8 września na Disney+ pojawi się serial, który opowiada o życiu i karierze jednego z najbardziej znanych pięściarzy naszych czasów. Zwiastun biograficznej produkcji „Mike” można oglądać w sieci już od 20 lipca. Jak się jednak okazuje, wyczekiwana premiera odbywać się będzie w cieniu skandalu. W niedzielę 7 sierpnia Mike Tyson zamieścił na Instagramie krótki wpis, który rozpętał burzę.
„Nie dajcie się oszukać Hulu. Nie wspieram ich opowieści o moim życiu. To nie rok 1822. To 2022 rok. Ukradli historię mojego życia i nie zapłacili mi. Dla dyrektorów Hulu jestem tylko czar******, którego mogą sprzedać na aukcji” – pisał gorzko sportowiec, zestawiając swój przypadek do handlu niewolnikami.

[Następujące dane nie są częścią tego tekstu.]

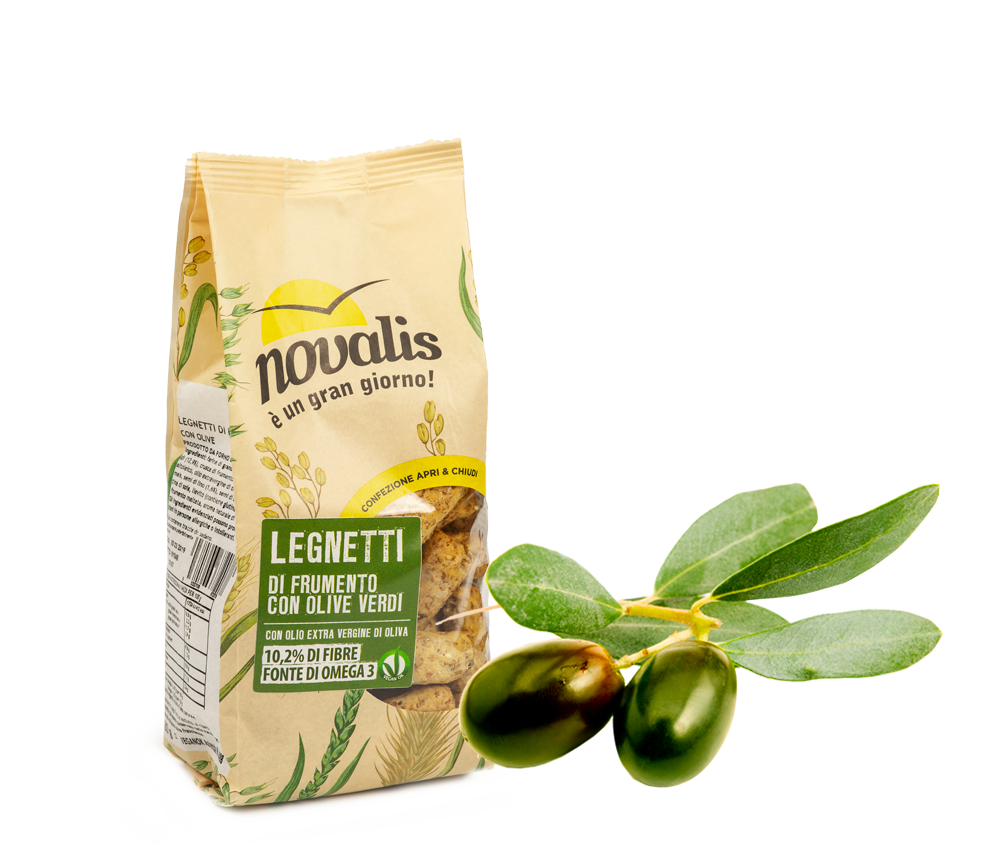 wheat flour type “0”, wheat bran (10.8%), green olives (12.9%), high oleic sunflower oil, extra virgin olive oil (3.2%), corn foil, flax seed (1.62%), sesame seeds, salt, soy lecithin, natural yeast (contains gluten), malted wheat flour, natural rosemary flavor. May contain traces of celery.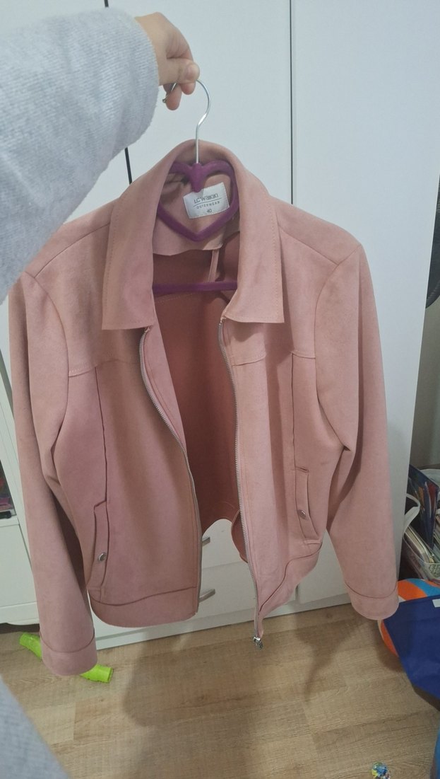 Pembe süet kumaştan, oturmalı kesime sahip, uzun kollu ve çıtçıtlı midi uzunlukta kadın ceket. Günlük rahat sokak stili için uygundur.

Jego wiadomość w ciągu zaledwie dnia polubiły 334 tysiące internautów, a ponad 10 ty. zostawiło pod wpisem swój komentarz.
Tyson zwrócił też uwagę na lojalne zachowanie szefa UFC, który nie zgodził się, by serial „Mike” promowano na jego galach. Dana White odmówił, a według Tysona, zrobił to ze względu na przyjaźń z pięściarzem. – Nigdy nie zapomnę, co dla mnie zrobił i nigdy nie zapomnę, jak okradło mnie Hulu.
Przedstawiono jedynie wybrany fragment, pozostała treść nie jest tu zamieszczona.